E' dilagato ovunque, in fretta, malefico e subdolo come una delle più orrende pestilenze.
Ho freddo.
Non accendono neppure più il riscaldamento quei bastardi, loro non hanno più bisogno di
nulla ormai, solo dell'acqua. Trascorrono giornate sotto la pioggia o dentro la vasca
perché ormai anche i sistemi idrici della città sono stati compromessi.
L'acqua è ovunque.
Ha allagato le strade, distrutto le case, riempito le menti di pensieri violenti e
orrendi, oscenità, follia.
Le donne e gli uomini sopravvissuti sono cambiati, come se a loro volta stessero divenendo
acqua.
Li vedo corrodersi di quel veleno che hanno in corpo, girano nudi come vermi per le strade
sommerse di questo paese, della via in cui vivo, li vedo riunirsi in gruppi, branchi, come
lupi affamati. Li vedo urlare la loro follia sotto l'incessante caduta di questa pioggia
malefica, aliena, orrenda.
Corpi bagnati che si aggirano di notte e di giorno alla ricerca di prede deboli su cui
sfogare la propria ira.
Guardano verso la mia camera, spiano nel buio di questa stanza attenti a scovare quanti
ancora non sono stati contaminati.
Della mia classe siamo rimasti in due, io e Matteo, un tipo con cui parlavo appena.
L'ho contattato via e-mail quando ho cominciato a rendermi conto delle cose che stavano
accadendo in paese.
Mi ha detto che ero pazzo, che la pioggia non era altro che un fattore meteorologico
straordinario che si era ripetuto solo altre due o tre volte nella storia.
Piove da un mese ormai.
Lui non era ancora venuto a contatto con la pioggia. Malato, era rimasto all'asciutto in
casa.
Proprio come me.
L'ho pregato di non uscire, di barricarsi nella sua stanza, di non fidarsi delle persone
bagnate.
Non mi ha creduto.
Non ho avuto più contatti con lui.
Possibile che non veda la gente che cammina per le vie?
Possibile che non si sia reso conto degli scoppi di violenza insensata?
E' la pioggia.
Ne sono certo!
Arriva ovunque, apparentemente inoffensiva, la senti bagnare il tuo corpo e all'inizio è
tutto normale, va tutto bene, dopotutto non è altro che pioggia. Poi ti penetra nella
carne, come un grosso ago, come una zecca ti si insinua sotto la pelle e corrode, corrode
ogni cellula, ogni neurone. Ti trasforma, ti comanda.

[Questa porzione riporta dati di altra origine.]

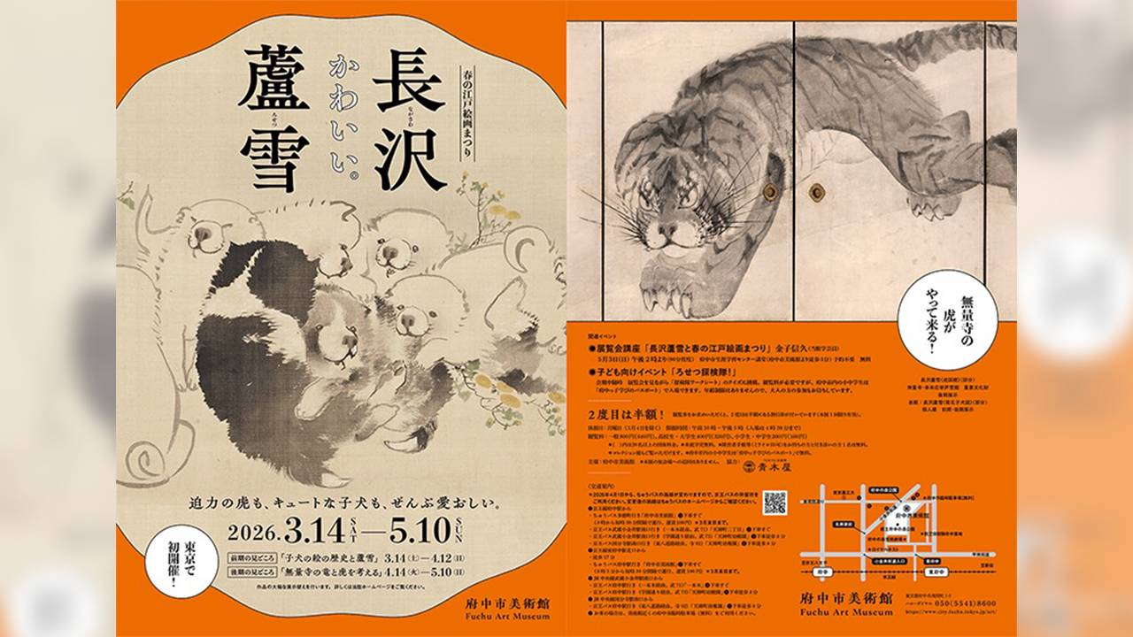 府中市美術館では2001年秋に「司馬江漢の絵画 西洋との接触、葛藤と確信」を開催し、その後、2005年の「百花の絵」以降、毎年春に江戸絵画を中心とする展覧会を開催してきました。都立府中の森公園の桜や若葉とともに春の風物詩としてお楽しみいただけたら、との願いもあり、途中から「春の江戸絵画まつり」と呼ぶようになりました。このシリーズは今回で幕を下ろしますが、シリーズに欠かせなかった画家の一人が、江戸時代中期の画家、長沢蘆雪です。

Cominci ad avere strani pensieri, pensieri violenti.
Pensieri di morte.
Vedi nemici ovunque, vorresti staccar loro la testa dal collo.
Altri rumori dalla cucina, suoni metallici.
Loro sanno del mio rifugio, sanno dove sono.
Vogliono bagnarmi, stanno affilando le loro armi, lo sento.
Vogliono uccidermi, farmi del male.
Non voglio diventare uno di loro.
Non voglio diventare un mostro.
Guardo sulla strada da dietro la mia finestra, vedo gli altri sfuocati, il vetro è
sottoposto alla continua pressione della pioggia battente.
Non ci sono più animali in giro.
Niente cani o gatti, niente cinguettio di uccellini.
Se ne sono tutti andati o forse sono tutti morti.
Gli uomini in strada si aggirano come zombie, la loro carne si è assottigliata, sono
sempre più bianchi, dalla consistenza gelatinosa. Ad ogni passo sembra che i loro miseri
corpi si stiano fondendo con l'acqua.
E i loro occhi.
Quegli occhi che posso solo intravedere, occhi di folli, liquidi, inconsistenti.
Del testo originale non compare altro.